Don't come half-heartedly, but come with vigilance, with a mission in mind. Devote yourselves to pray with an alert mind and a thankful heart. I'll be honest with you, I don't know of any harder work than prayer. Devoted prayer, passionate prayer, prayer that's uttered behind the scenes with confidence, speaking to someone you cannot see, counting by faith on something you have not felt or heard, and yet it's there. It's claimed by prayer. And he says in this also, not only to be devoted to prayer, but to be visionary.

Look at how he puts it. Pray for us too that God will give us many opportunities to speak about his mysterious plan concerning Christ. I like it that Paul doesn't hesitate when he says, pray for me. I don't know why we're like this, but sometimes we're hesitant to say when someone says, how can I pray, to answer pray first for me. Pray for me.

Let me tell you what my needs are. I will often have thoughtful people ask me, what are two or three things I can pray for you about? I always appreciate that. Paul doesn't wait to be asked. He offers what they can pray for. Pray for us.

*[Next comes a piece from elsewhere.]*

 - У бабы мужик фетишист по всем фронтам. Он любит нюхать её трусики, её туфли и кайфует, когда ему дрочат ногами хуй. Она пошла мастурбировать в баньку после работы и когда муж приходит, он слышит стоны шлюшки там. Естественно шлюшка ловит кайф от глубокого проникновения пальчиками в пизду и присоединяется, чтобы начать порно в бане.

How do we pray? Look at what it says that God will give us many opportunities. Literally that God may open to us a door of the word. Every day we live, we face closed doors. We face obstacles. We stand in front of what appears to be a shut opportunity that we would wish would open. That's what we pray about. Pray that there might be an opening that God can bring. It may seem closed to us, but to God there is no such thing as open or closed. And in his own time and in his own way, he opens the door. Now, in the apostles case, he says, pray that God will give us many opportunities to speak about his mysterious plan concerning Christ. Have you stopped to think about where Paul was? He was in a house in Rome, chained at the wrist to a Roman soldier. What a terrific opportunity.

I call that a captive audience. He can't get away. He's chained up to me. Pray that I will have the words to use, that I will have the approach that would be appropriate. Pray that I might make inroads into his thinking, because all of his life he has been a Roman. He has been taught all the mythology of the Roman world.

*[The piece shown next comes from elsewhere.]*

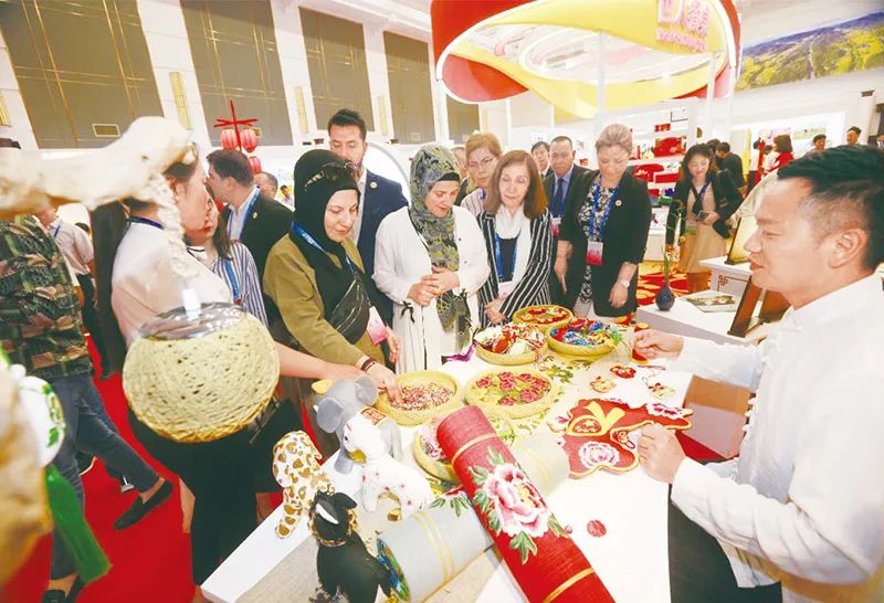 2019年6月27日,“中國(guó)共產(chǎn)黨的故事——習(xí)近平新時(shí)代中國(guó)特色社會(huì)主義思想在河南的實(shí)踐”專題宣介會(huì)在河南蘭考舉行。圖為與會(huì)外方代表近距離感受當(dāng)?shù)孛袼孜幕镊攘Α?中聯(lián)部供圖

He has been reared by parents who are pagan. And this soldier sitting by me is an open door opportunity. Pray, as he puts it, that I may make the message clear. Look at how he says it. Verse four, pray that I will proclaim this message as clearly as I should. In fact, the sentence before that, that's why I am here in chains. Did the Lord know what he was doing when he put Paul there?

Absolutely. If they won't come to Paul, the Lord will make it possible for them to chain themselves to him. And once they are chained to him, he will have the opportunity to make Christ known.

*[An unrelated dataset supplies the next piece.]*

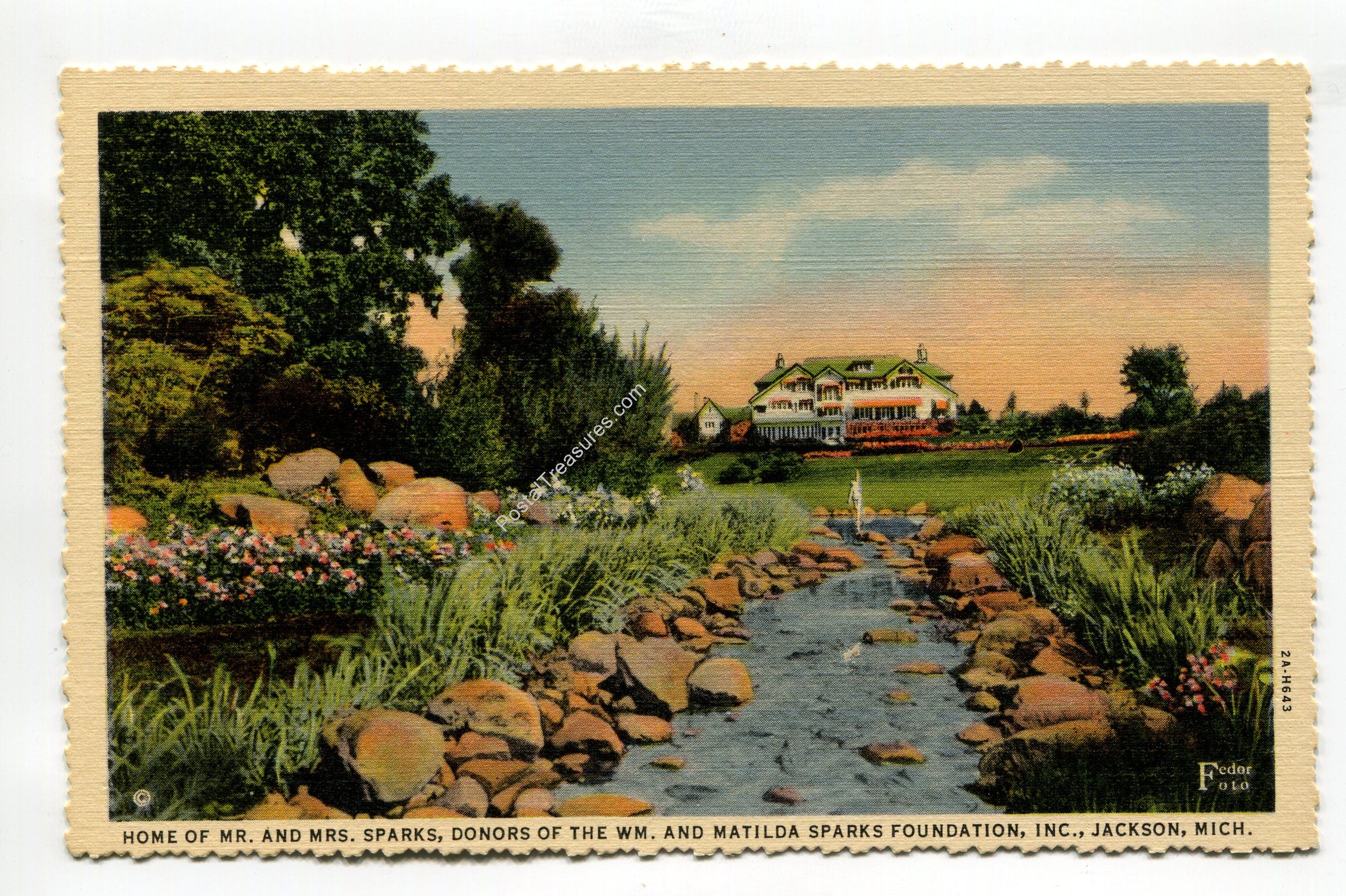 Home of Mr and Mrs Sparks donors of the WM and Matilda Sparks Foundation Inc Jackson Michigan postcard

Was it effective? Go back to Philippians. One book just before Colossians. Go to Philippians 1. Look at verse 12. You will see in verse 12 a reference to the same situation. This is one of the prison epistles, they're called. Ephesians, Philippians, Colossians, and Philemon, all four of them written under house arrest while Paul is chained. You and I might be there irked at the fact that we're not able to be out on the streets making Christ known.

Paul isn't. He realized God is sovereign. He has me here for a purpose. And so he tells us in Philippians 1.12, I want you to know this, my dear brothers and sisters, that everything that has happened to me here has helped to spread the good news.

Read on. For everyone here, including the whole palace guard, knows that I am in chains because of Christ. And because of my imprisonment, most of the believers here have gained confidence and boldly speak God's message without fear. How great is that? Do you think the Praetorian Guard would have ever sent out an invitation and said to Paul, Paul, come in to the palace and let us know about Christ? They wouldn't do that. So the Lord takes one soldier after another and plants him next to Paul for an extended period of time.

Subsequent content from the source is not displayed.